YOUR TASK: Apart from the pictures, every line below is to be set down exactly.

:: DATA BELOW

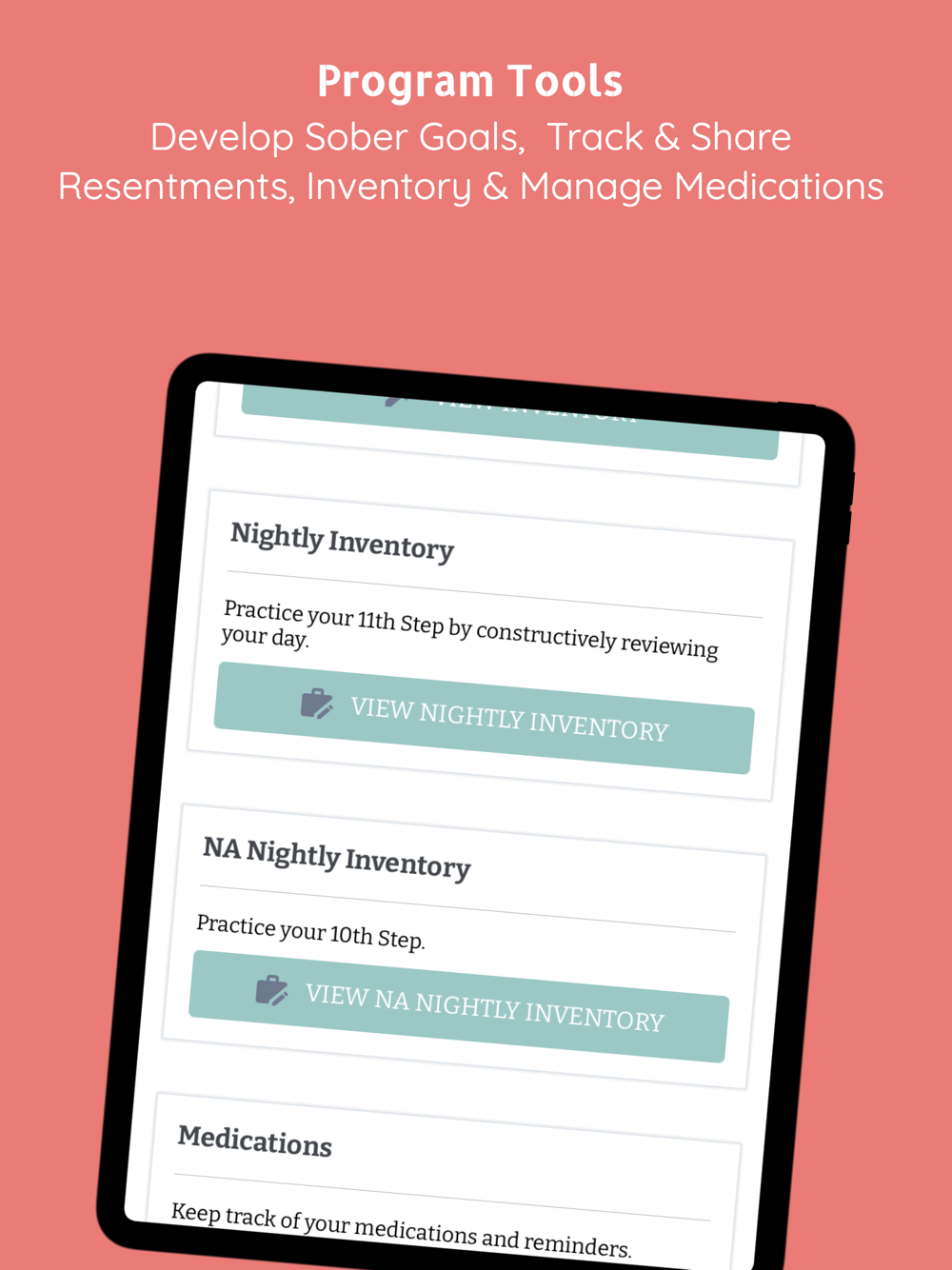 -Program and recovery maintenance tools. Keep track of Goals to help you keep a sober lifestyle. Keep track of Resentments (4th Step). Spotcheck Daily Inventory & Nightly Inventory (10th Step). Keep track of your Medications.
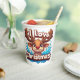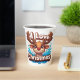 Süßes Rentier-Maskottchen mit 'Ich liebe Weihnacht Pappbecher
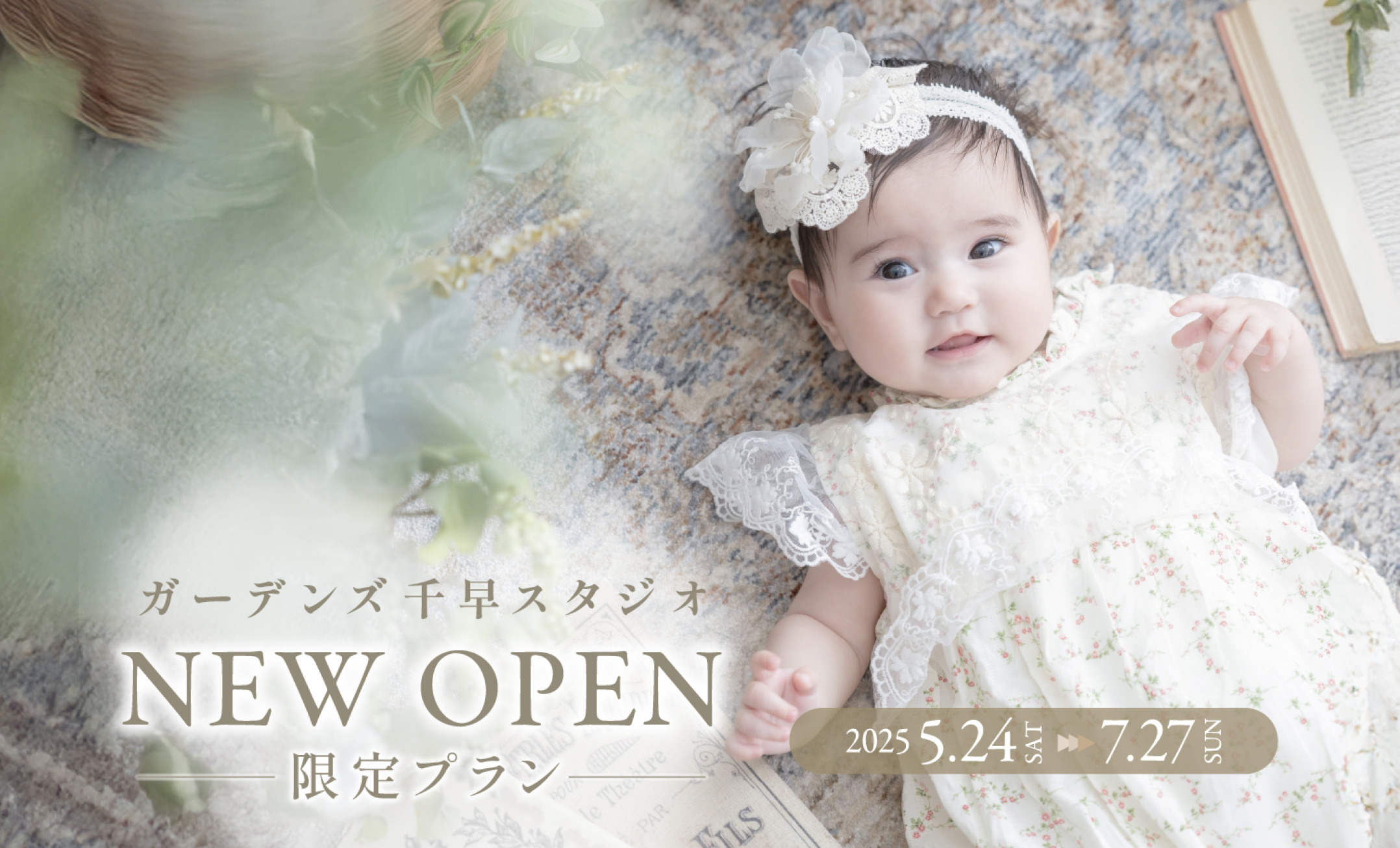 ご予約時に「ガーデンズ千早スタジオ 限定ベビープラン」撮影をご希望とお伝えください。

::::

TASK SOLUTION:
 -Program and recovery maintenance tools. Keep track of Goals to help you keep a sober lifestyle. Keep track of Resentments (4th Step). Spotcheck Daily Inventory & Nightly Inventory (10th Step). Keep track of your Medications.
 Süßes Rentier-Maskottchen mit 'Ich liebe Weihnacht Pappbecher
 ご予約時に「ガーデンズ千早スタジオ 限定ベビープラン」撮影をご希望とお伝えください。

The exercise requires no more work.